Why There Is No Vaccine For HIV/AIDS

Because there is no vaccine for HIV, the only way people can prevent infection with the virus is to avoid behaviors putting them at risk of infection, such as sharing needles and having unprotected sex.

Many people infected with AIDS HIV have no symptoms. It is therefore difficult to know with certainity whether a sexual partner is infected with HIV unless they have taken a HIV test and not engaged in risky behavior since.

Abstaining from having sex or using male latex condoms or female polyurethane condoms may offer partial protection, during oral, anal, or vaginal sex. Only water-based lubricants should be used with male latex condoms.

Although some laboratory evidence shows that spermicides can kill HIV, researchers have not found that these products can prevent a person from getting HIV.

NIAID recently supported two studies that concluded adult male circumcision reduces a man’s risk of contracting HIV by about 1/2. The studies, which were done in Uganda and Kenya, pertain only in the cases of heterosexual transmission. As with most prevention strategies, adult male medical circumcision is not completely effective at preventing HIV transmission. Circumcision will be more effective if it is a part of a more complete prevention strategy that includes condoms.

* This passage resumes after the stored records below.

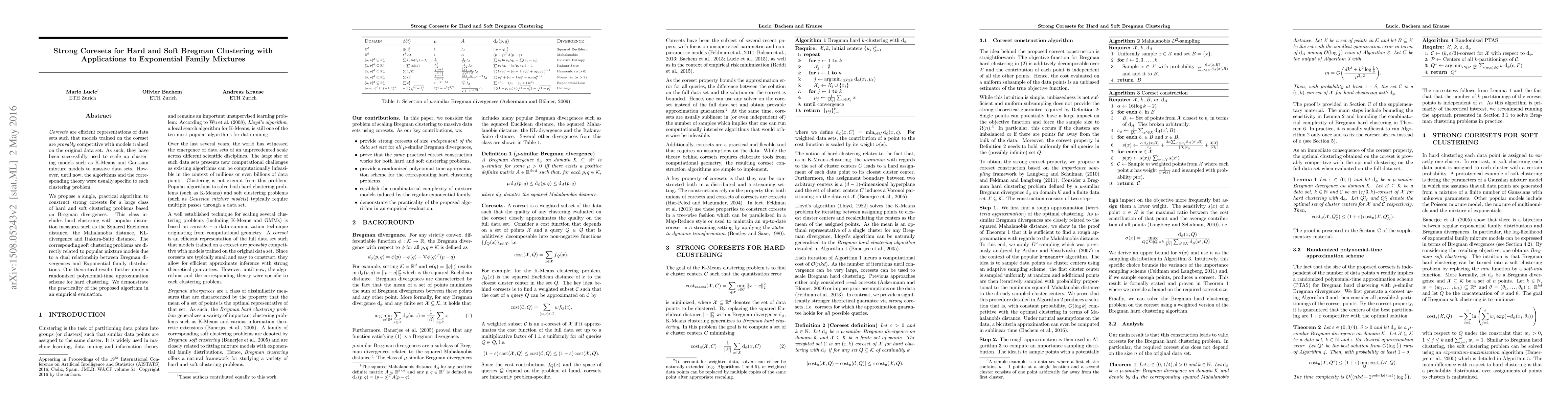 This paper proposes a unified algorithm for constructing strong coresets for both hard and soft Bregman clustering, applicable to various distortion measures and mixture models. The theoretical framework supports a randomized polynomial-time approximation scheme for hard clustering, validated through empirical evaluation.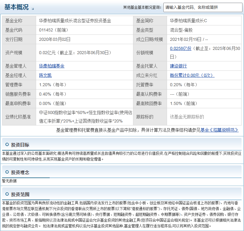 华泰柏瑞质量成长混合C(011452)基金由华泰柏瑞基金管理有限公司管理,基金经理是李晓西。专业的基金管理团队和经验丰富的基金经理,在投资分析、决策等方面有更专业的能力和更丰富的经验。他们就像是投资战场上的指挥官,能够根据市场情况做出更明智的投资决策,为基金的运作保驾护航。
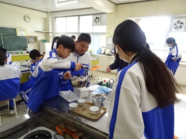 本日は、栄養教諭に来ていただき、食育の授業を行いました。郷土の産物であるお茶について学びました。実際に自分たちでお茶を入れ、入れ方や、一煎目と二煎目の味等の違いも学びました。二煎目は、かなり渋みや苦みが出ていたようです。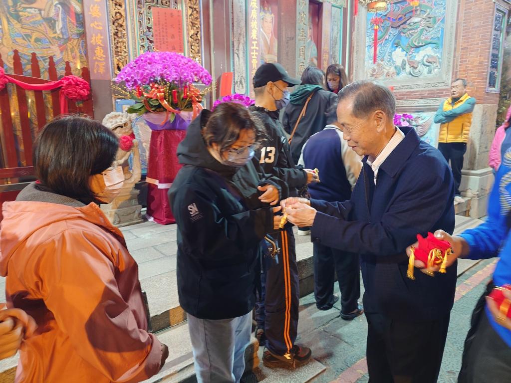 昨日除夕夜子時11點15分,萬和宫廟門打開,蕭清杰率領董監事及守候廟前的信眾,井然有序進入廟,舉行丙午馬年新春團拜,祈求媽祖保佑信眾在新的一年平安、健康又順利,揭開歡樂春節假期序幕。他還贈送信眾錢母,並祝福新年快樂,蛇年行大運。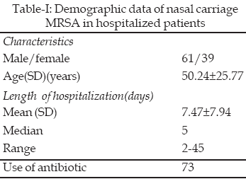 38 (38.0%) were positive for S. aureus nasal carriage (including 18 Methicillin-sensitive Staphylococcus aureus (MSSA) and 20 MRSA). The patient’s demographic characteristics are shown in Table-I.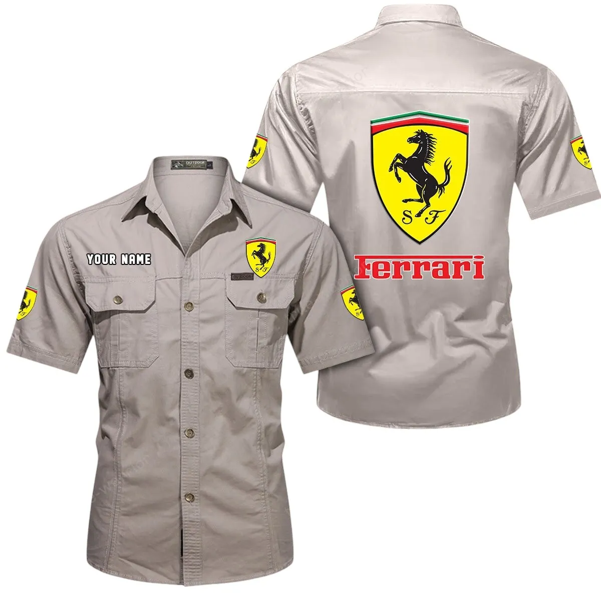Ferrari Short Sleeved Shirt, All Over Print Button Shirt CAR444052625788 - Khaki
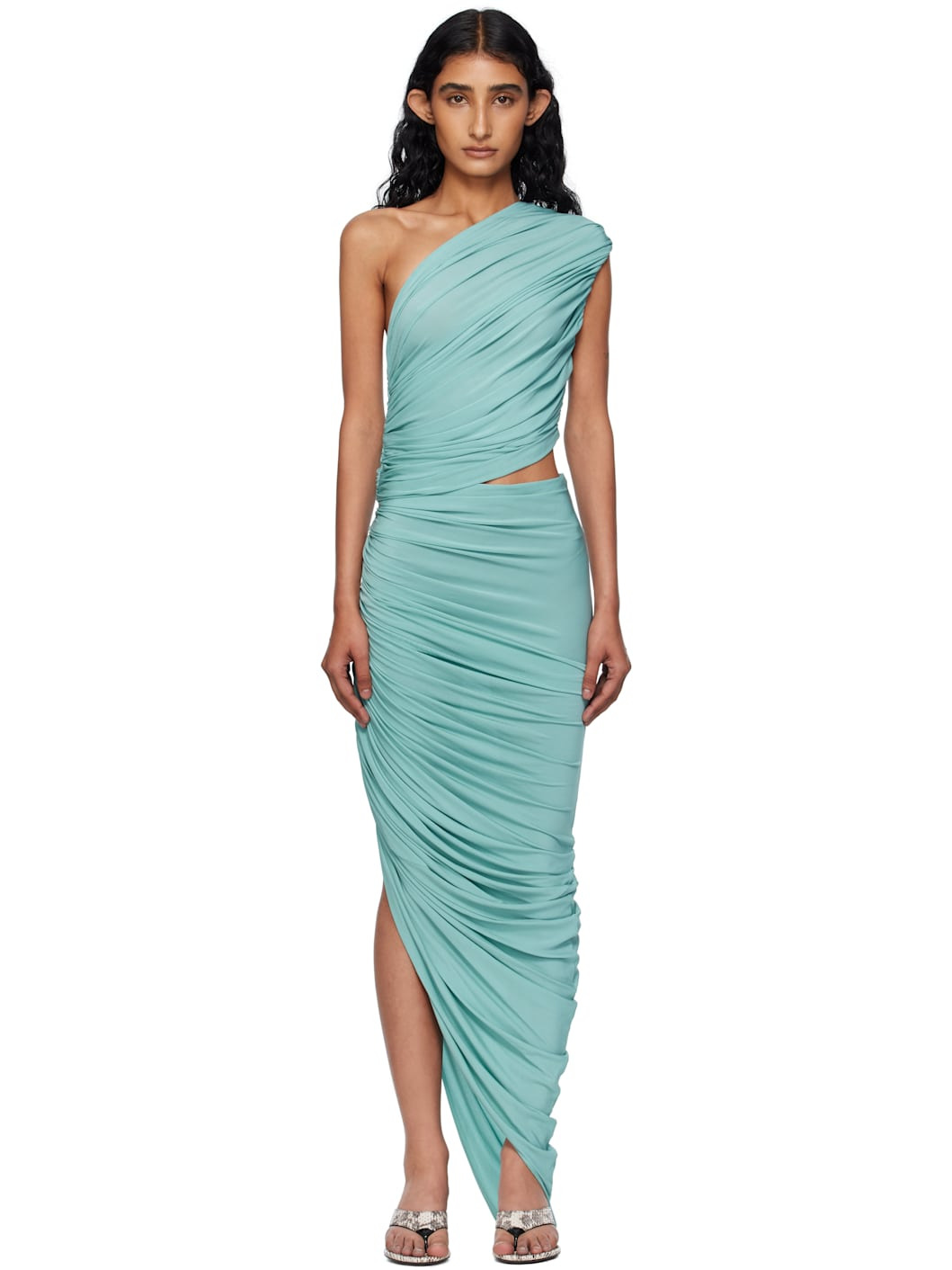Stretch viscose jersey maxi dress. · Draping and ruching throughout · Single-shoulder construction · Cutout at waist · Slit at asymmetric hem Supplier color: Blue 96% viscose, 4% elastane. Made in Italy 252483F055005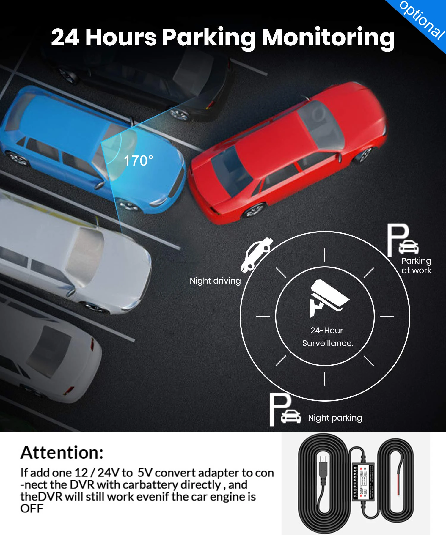 ▶1 x понижающая линия для 24H мониторинга парковки (опционально)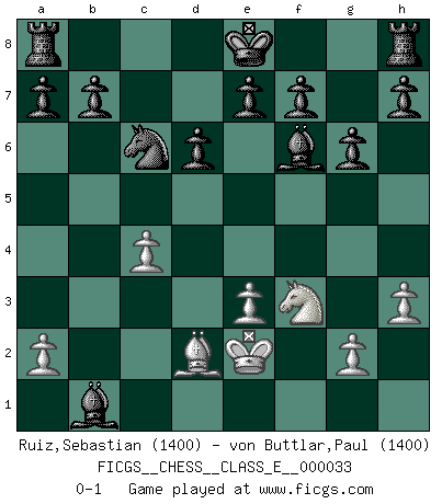 Last move : 0-1 2007 March 9 23:26:53 [Event "FICGS__CHESS__CLASS_E__000033"] [Site "FICGS"] [Date "2007.02.07"] [Round "1"] [White "Ruiz,Sebastian"] [Black "von Buttlar,Paul"] [Result "0-1"] [WhiteElo "1400"] [BlackElo "1400"] 1.Nc3 c5 2.e3 Nc6 3.Bb5 g6 4.Ba4 Bg7 5.Ne4 d6 6.Qf3 Nf6 7.d4 Nxe4 8.Qxe4 Qa5+ 9.Bd2 Qxa4 10.b3 Qa6 11.Nf3 Bf5 12.Qd5 cxd4 13.Qc4 Qxc4 14.bxc4 dxe3 15.fxe3 Bxa1 16.Ke2 Bf6 17.h3 Bxc2 18.Rc1 Be4 19.Rb1 Bxb1 0-1 Dunst (Sleipner, Heinrichsen) Opening Player Black won this chess game. Follow this game move after move (download)The most powerful weapon in Chess is to have the next move. (David Bronstein) Warum muß ich gegen diesen IDIOTEN verlieren? (Aaron Nimzowitsch) Si tu oponente te ofrece un empate, trata de averiguar porque piensa él que esta en una posición peor. (Nigel Short) Même si vous avez un bon coup à faire, regardez toujours s'il n'y en a pas un qui lui soit préférable. (Pedro Damiano) History is the quarrels of popes and kings, with wars or pestilences in every page; the men all so good for nothing, and hardly any women at all. (Jane Austen)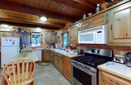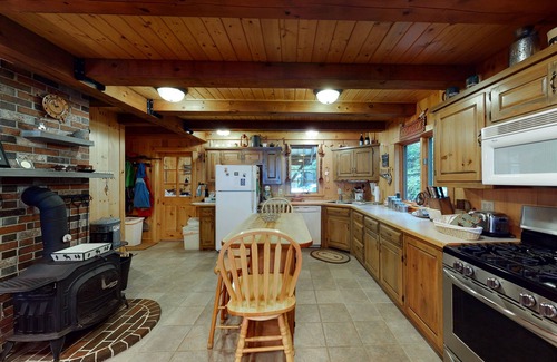 Tucked away among the evergreens on the beautiful shores of Moosehead Lake, this comfy cabin is full of warm, natural woods lovingly handcrafted by the original owner. The fine Norwegian craftsmanship embodies the quintessential character of Maine's North Woods. Sip your morning coffee on the covered porch while overlooking the lake through wispy pines. Prepare hearty Northwoods breakfasts in the fully-equipped kitchen and enjoy chilly nights playing board games around the dining room table in this warm cabin.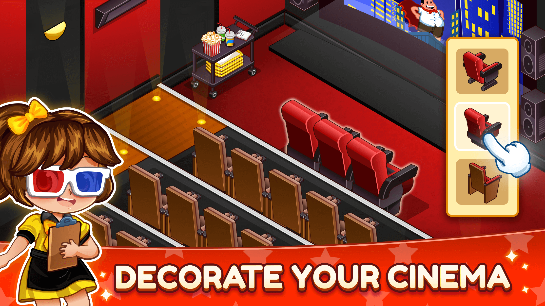 Customize your theater with decorations and furniture. Design your cinema your way to attract more customers and increase profits.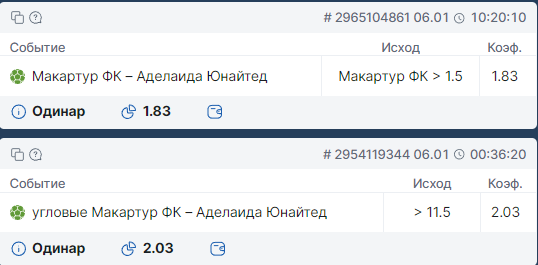 ❗ Опционально я бы проверил ТОТАЛ угловых 11.5, за КФ 2+ и Индивидуальный ТОТАЛ угловых от Аделаиды 6.5 за те-же 2+ … Но это конечно больше ради фана.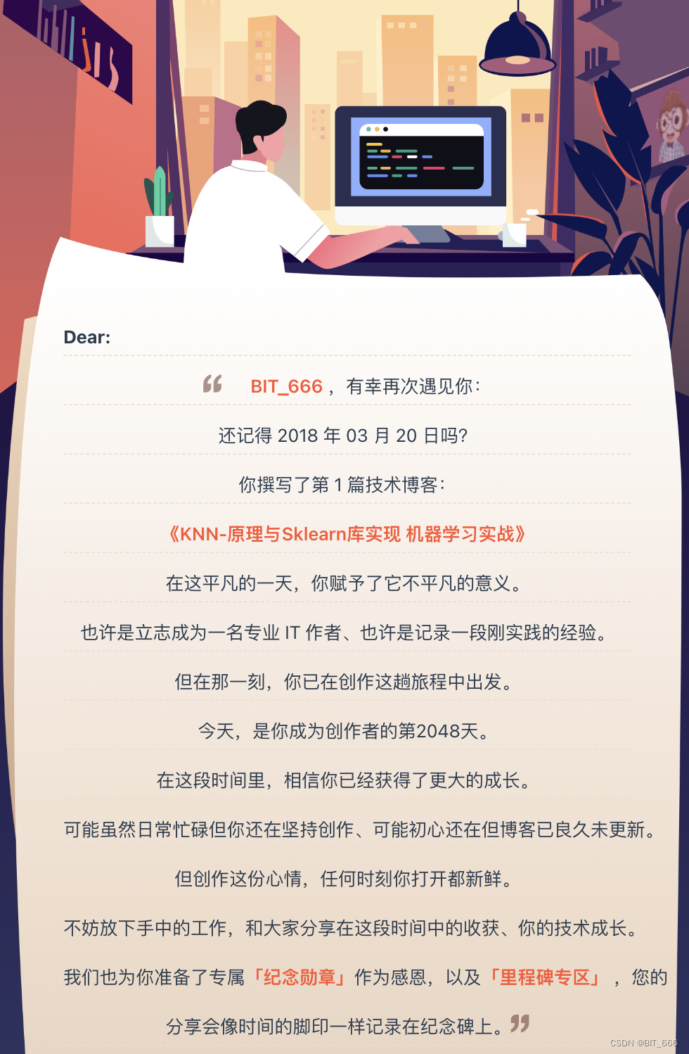今天爬山途中就又收到了 CSDN 的创作 2048 天纪念推送: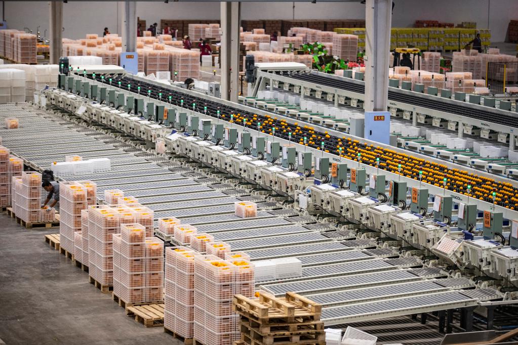 1月6日,在中国三峡柑橘(奉节脐橙)交易中心,全自动分拣线将脐橙自动分拣装筐。新华社记者黄伟 摄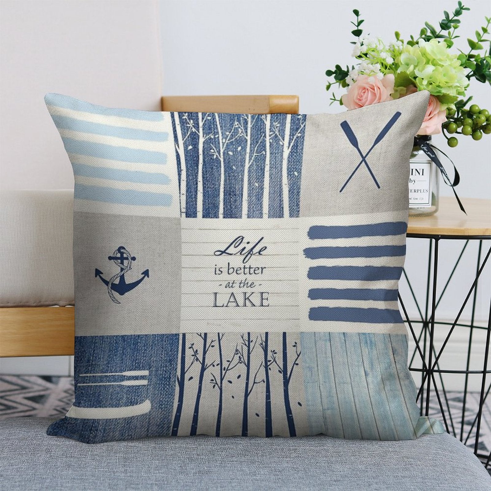 Life Is Better at The Lake Patchwork Linen Throw Pillow Cover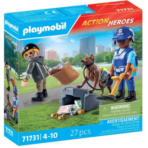 Playmobil Action Heroes - figura, mozgó alkatrészek, téma: rendőrség és tűzoltóság, anyaga műanyag, 27 darabból áll, 4 éves kortól ajánlott A Playmobil 71731 figurakészlet lehetővé teszi, hogy fantasztikus kalandokat élj át a rendőrségi nyomozás során. A készlet tartalmaz egy rendőrt, egy ravasz tolvajt és egy nyomozókutyát. A figurá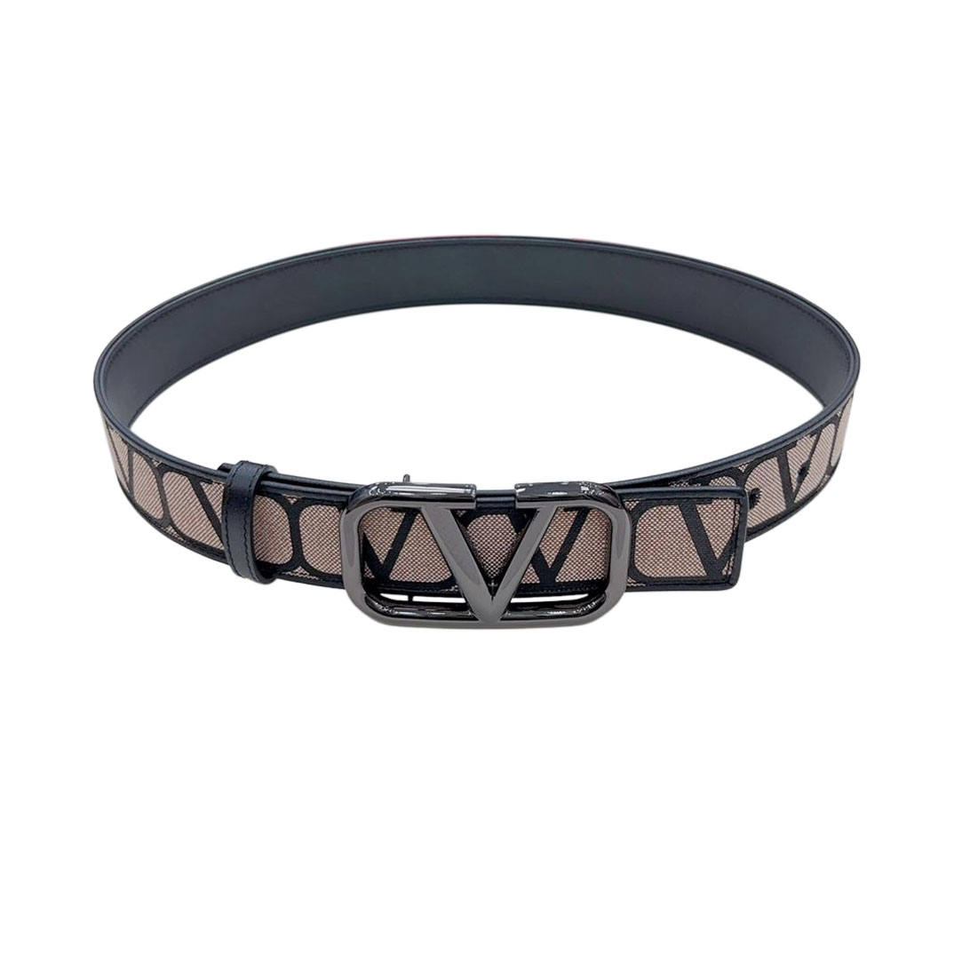 Valentino V Buckle Belt In Red/Black/Coffee Monogram Logo Calfskin With Gold/Gun Black Hardware 40mm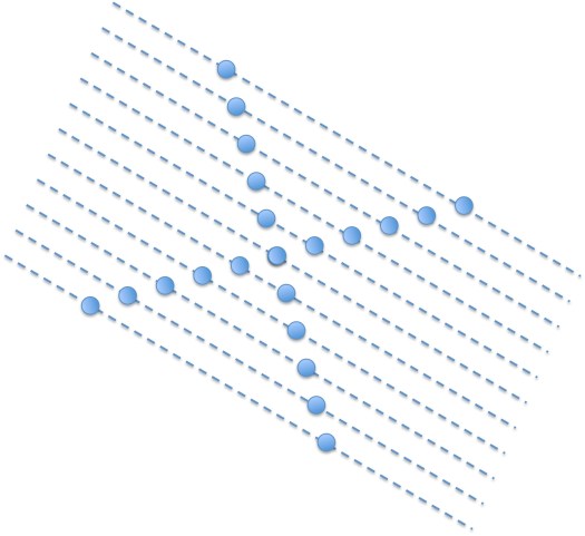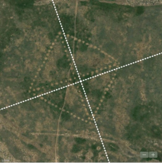 In an attempt to understand their orientation an interesting alignment has been discovered. Instead of using the arms to define the direction of a cross, consider the series of lines that pass through successive pairs of mounds equally spaced from the center.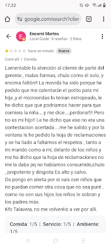 Read moreMe gustaba el kfc. Pollo frito empanado como en el sur de los.uu..pero de ese pollo solo queda la nostalgia. En fin que no aprendo .aparte de que ya no puedes pedir al personal de tienda .(tienes que elegir en unas maquinas miy chulas) optó por la opción de pagar en caja y así poder hablar con alguien y expresar mi inquietud..le dije a un responsable una vez que por que solo p9nian pechugas ? Me comentó muy amablemente que cuando pidiera en casa se lo dijera al encargado de mi pedido y harían todo lo posible por que llevara lo que pedía.le agradeci. De eso hacen alrededor de 8'o9 años. Hoy en la sucursal de talavera a la1 voy y hago el pedido como d3 costumbre y me dice el encargado que tengo que pagar aparte. Y le pregunto si pone n 2 alas 2 tiras y un muslo por que me tienen que dar pechuga. Que si quiero otra cosa que tengo que pagar. Perdón? No estoy pagando por lo que he pedido?es como si compro una casa tenga que comprar la 2da.para tener cocina.claro sin políticas de la empresa según el encargado yyo Ajo y agüita... ya se donde no volveré en...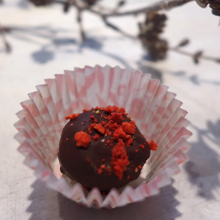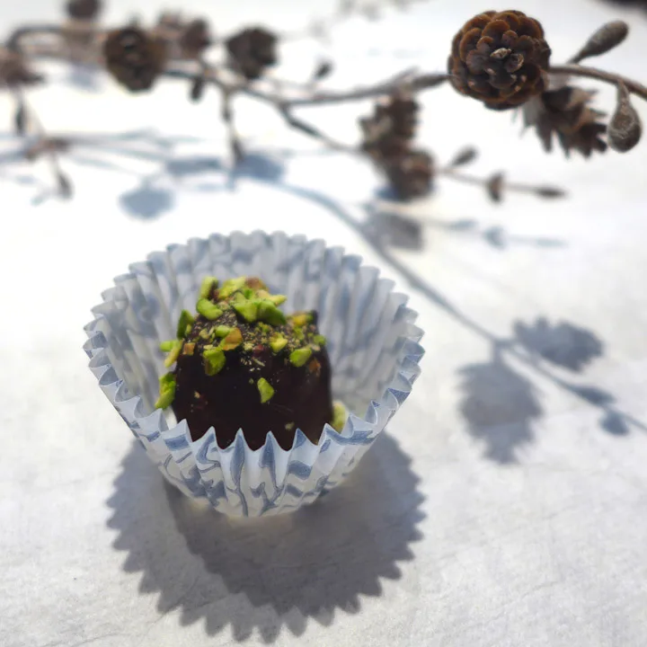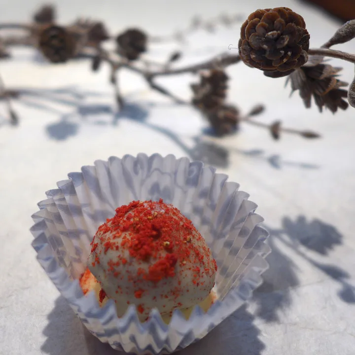 Smelt hvit eller mørk sjokolade i vannbad og trekk hver kule i sjokolade. Pynt med det du vil.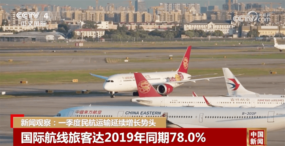 客運方面,全行業(yè)一季度共完成旅客運輸量接近1.8億人次,為歷年一季度客運量最高值,同比增長37.7%,較2019年同期增長10.2%。其中,國內航線完成1.6億人次,規(guī)模較2019年同期增長14.3%;國際航線完成1412.0萬人次,規(guī)?;謴椭?019年同期的78.0%。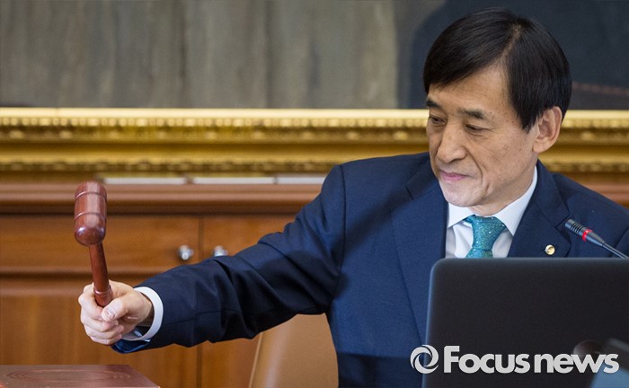 총재이 주 열(서울=포커스뉴스) 9일 오전 서울 중구 남대문로 한국은행 본관에서 열린 금융통화위원회 본회의에 참석한 이주열 한국은행 총재가 개회를 알리는 의사봉을 두드리고 있다. 2016.06.09 양지웅 기자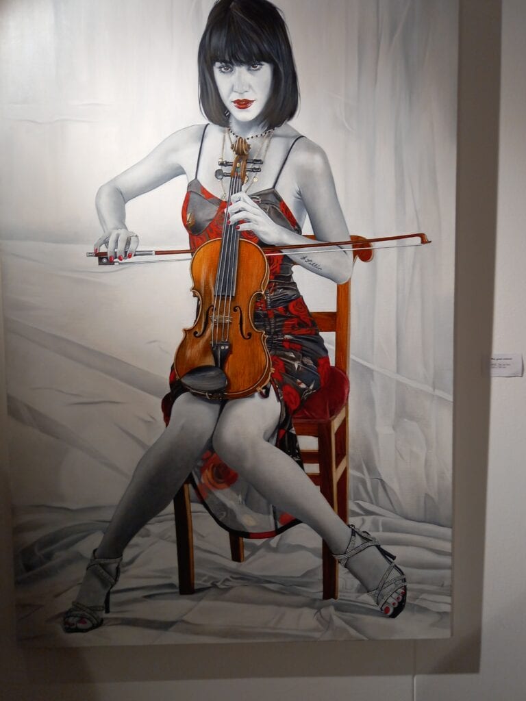 Un plauso particolare va agli organizzatori che hanno deciso di “rendere vive” le tele, invitando le donne ritratte ad esibirsi: in questo modo il linguaggio della pittura si è fuso con le note del violino della Rossetti, la voce bella e graffiante di Amara, la recitazione della Insardà; ne è scaturita un’osmosi davvero coinvolgente e affascinante.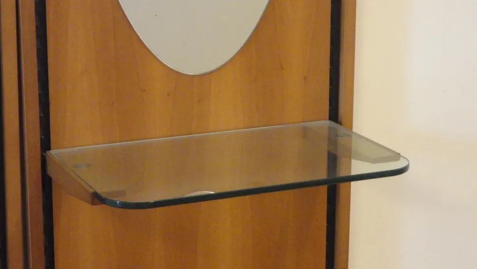 I ripiani sono in totale 3, 1 in vetro trasparente con angoli arrotondati e nella parte superiore abbiamo 2 ripiani in finitura noce.

Vaccines help the immune system to recognize a pathogen so that it can fight it off if it shows up. Despite extraordinary advances in understanding both HIV and the human immune system, a fully successful HIV vaccine continues to elude researchers. This why we primarily reley on HIV medications like Kaletra, and combivir.

HIV attacks CD4+ T cells, the most important part of the immune system that coordinates and directs the activities of other types of immune cells that combat intruding microbes. In order for a vaccine to be effective it would need to be able to activate these cells- a hard feat if they are being infected and destroyed by the HIV virus.Scientist have not figured out the correlates of immunity or protection for HIV and are working to make vaccines to induce the necessary immune resonse necessary.

 

Unlike other viral diseases for which investigators have made successful vaccines, there are no documented cases of complete recovery from HIV infection. So, HIV vaccine research has no actual human model of recovery from an infection and subsequent protection from re-infection to help it. HIV will continually mutate in an infected person while it recombinds to evolve into brand new strains. This extensive diversity of HIV poses a challenge to vaccine design as an HIV vaccine would need to protect against many different strains of the virus circulating throughout the world. Vaccines in the past have only had to fight off a small number of strains, even one.